So far, we have coded the sub-graphs, the plan executor, and the task handler to decide which sub-graph should be executed.

However, we still need an approach to generate the plan without biases/hallucinations. That’s exactly what we’re going to implement in the next step.

Anonymize/De-Anonymize the Input Question

In order to generate a general plan without any biases based on prior knowledge of any LLM, we first anonymize the input question and map the named entities into variables.

# --- Anonymize ---
class AnonymizeQuestion(BaseModel):
    anonymized_question: str
    mapping: dict
    explanation: str

anonymize_question_chain = (
    PromptTemplate(
        input_variables=["question"],
        partial_variables={"format_instructions": JsonOutputParser(pydantic_object=AnonymizeQuestion).get_format_instructions()},
        template="""You anonymize questions by replacing named entities with variables.

Examples:
- "Who is harry potter?" → "Who is X?", {{"X": "harry potter"}}
- "How did the bad guy play with Alex and Rony?" → "How did X play with Y and Z?", {{"X": "bad guy", "Y": "Alex", "Z": "Rony"}}

Input: {question}

{format_instructions}
""",
    )
    | ChatTogether(temperature=0, model_name="meta-llama/Llama-3.3-70B-Instruct-Turbo-Free", api_key=together_api_key, max_tokens=2000) 
    | JsonOutputParser(pydantic_object=AnonymizeQuestion)
)

After the plan is constructed based on the anonymized question, we de-anonymize the plan by replacing the mapped variables with the original named entities.
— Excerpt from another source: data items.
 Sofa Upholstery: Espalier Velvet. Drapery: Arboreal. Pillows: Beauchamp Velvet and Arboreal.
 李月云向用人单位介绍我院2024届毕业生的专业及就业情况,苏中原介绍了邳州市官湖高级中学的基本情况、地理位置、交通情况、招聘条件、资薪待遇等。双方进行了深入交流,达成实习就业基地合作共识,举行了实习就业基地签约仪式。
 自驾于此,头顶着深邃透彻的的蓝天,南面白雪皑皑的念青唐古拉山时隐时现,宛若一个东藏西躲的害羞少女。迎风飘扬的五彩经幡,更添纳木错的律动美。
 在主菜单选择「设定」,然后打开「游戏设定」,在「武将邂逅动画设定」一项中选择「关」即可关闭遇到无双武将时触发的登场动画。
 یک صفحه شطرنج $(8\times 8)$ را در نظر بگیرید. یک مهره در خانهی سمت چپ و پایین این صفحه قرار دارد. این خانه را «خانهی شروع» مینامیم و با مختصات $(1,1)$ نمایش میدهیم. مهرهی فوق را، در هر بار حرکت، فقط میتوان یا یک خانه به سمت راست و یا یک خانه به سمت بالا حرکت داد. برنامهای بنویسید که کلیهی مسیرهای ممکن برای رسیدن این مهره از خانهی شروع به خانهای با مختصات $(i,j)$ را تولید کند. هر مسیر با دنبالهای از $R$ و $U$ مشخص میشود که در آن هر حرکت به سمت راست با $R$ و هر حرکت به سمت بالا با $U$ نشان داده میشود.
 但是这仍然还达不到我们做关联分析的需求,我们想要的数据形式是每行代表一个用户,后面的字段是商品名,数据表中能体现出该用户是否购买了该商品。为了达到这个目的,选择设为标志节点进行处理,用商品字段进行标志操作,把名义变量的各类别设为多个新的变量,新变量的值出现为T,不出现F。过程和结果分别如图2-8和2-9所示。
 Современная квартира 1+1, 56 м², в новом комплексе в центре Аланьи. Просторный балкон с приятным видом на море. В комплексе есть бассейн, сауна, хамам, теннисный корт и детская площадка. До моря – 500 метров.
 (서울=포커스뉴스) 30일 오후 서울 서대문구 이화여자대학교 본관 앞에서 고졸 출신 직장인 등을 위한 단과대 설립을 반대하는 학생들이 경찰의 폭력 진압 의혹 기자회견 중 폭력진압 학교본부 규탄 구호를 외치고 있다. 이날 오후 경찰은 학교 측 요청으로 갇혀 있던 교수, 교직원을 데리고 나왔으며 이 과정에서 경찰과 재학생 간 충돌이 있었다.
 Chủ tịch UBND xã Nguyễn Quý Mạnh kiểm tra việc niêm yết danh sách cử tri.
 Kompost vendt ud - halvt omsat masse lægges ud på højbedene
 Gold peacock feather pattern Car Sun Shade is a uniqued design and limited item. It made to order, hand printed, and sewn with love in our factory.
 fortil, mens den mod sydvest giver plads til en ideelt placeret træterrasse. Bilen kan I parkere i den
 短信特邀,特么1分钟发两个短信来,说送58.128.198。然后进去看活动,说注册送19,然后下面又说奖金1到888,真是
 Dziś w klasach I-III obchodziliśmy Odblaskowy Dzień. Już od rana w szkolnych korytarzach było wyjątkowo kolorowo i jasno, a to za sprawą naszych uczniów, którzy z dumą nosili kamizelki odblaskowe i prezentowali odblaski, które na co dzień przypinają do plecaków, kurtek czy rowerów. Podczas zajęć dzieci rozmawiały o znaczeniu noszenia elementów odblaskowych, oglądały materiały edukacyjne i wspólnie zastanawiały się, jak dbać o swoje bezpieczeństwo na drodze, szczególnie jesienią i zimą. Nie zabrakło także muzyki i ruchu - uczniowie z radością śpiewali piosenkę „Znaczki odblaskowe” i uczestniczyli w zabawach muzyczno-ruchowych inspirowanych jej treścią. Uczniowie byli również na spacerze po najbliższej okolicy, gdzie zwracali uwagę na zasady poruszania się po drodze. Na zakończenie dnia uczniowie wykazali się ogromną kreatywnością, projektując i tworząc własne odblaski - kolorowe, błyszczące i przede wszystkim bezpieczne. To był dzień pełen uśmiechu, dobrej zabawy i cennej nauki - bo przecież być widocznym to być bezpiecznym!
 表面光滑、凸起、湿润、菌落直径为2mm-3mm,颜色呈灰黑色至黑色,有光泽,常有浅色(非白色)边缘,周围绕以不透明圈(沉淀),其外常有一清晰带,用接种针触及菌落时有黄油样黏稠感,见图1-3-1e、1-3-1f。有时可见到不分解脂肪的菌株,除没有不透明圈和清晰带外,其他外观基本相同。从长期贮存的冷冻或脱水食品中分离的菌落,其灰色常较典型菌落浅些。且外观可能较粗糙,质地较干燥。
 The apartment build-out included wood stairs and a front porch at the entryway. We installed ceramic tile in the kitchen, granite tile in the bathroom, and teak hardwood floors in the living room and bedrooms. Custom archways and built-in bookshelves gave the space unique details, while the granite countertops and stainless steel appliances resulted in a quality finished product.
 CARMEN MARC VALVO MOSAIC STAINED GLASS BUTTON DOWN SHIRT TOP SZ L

class DeAnonymizePlan(BaseModel):
    plan: List

de_anonymize_plan_chain = (
    PromptTemplate(
        input_variables=["plan", "mapping"],
        template="Replace variables in: {plan}, using: {mapping}. Output updated list as JSON."
    )
    | ChatTogether(temperature=0, model_name="meta-llama/Llama-3.3-70B-Instruct-Turbo-Free", api_key=together_api_key, max_tokens=2000) .with_structured_output(DeAnonymizePlan)
)

Great! Now that we have defined all the major components of our newly sub-graph-dedicated pipeline, we just need to initialize it so that we can test it on our sample user queries.

Compiling and Visualizing the RAG Pipeline

We have coded all the components, now let’s compile each and every part of the RAG pipeline and begin evaluating it.

def execute_plan_and_print_steps(state):
    # Set the current state label
    state["curr_state"] = "task_handler"

    # Get the current task and remove it from the plan
    curr_task = state["plan"].pop(0)

    # Prepare inputs for the task handler chain
    inputs = {
        "curr_task": curr_task,
        "aggregated_context": state.get("aggregated_context", ""),
        "last_tool": state.get("tool"),
        "past_steps": state.get("past_steps", []),
        "question": state["question"]
    }

    # Invoke the task handler to decide the next tool and query
    output = task_handler_chain.invoke(inputs)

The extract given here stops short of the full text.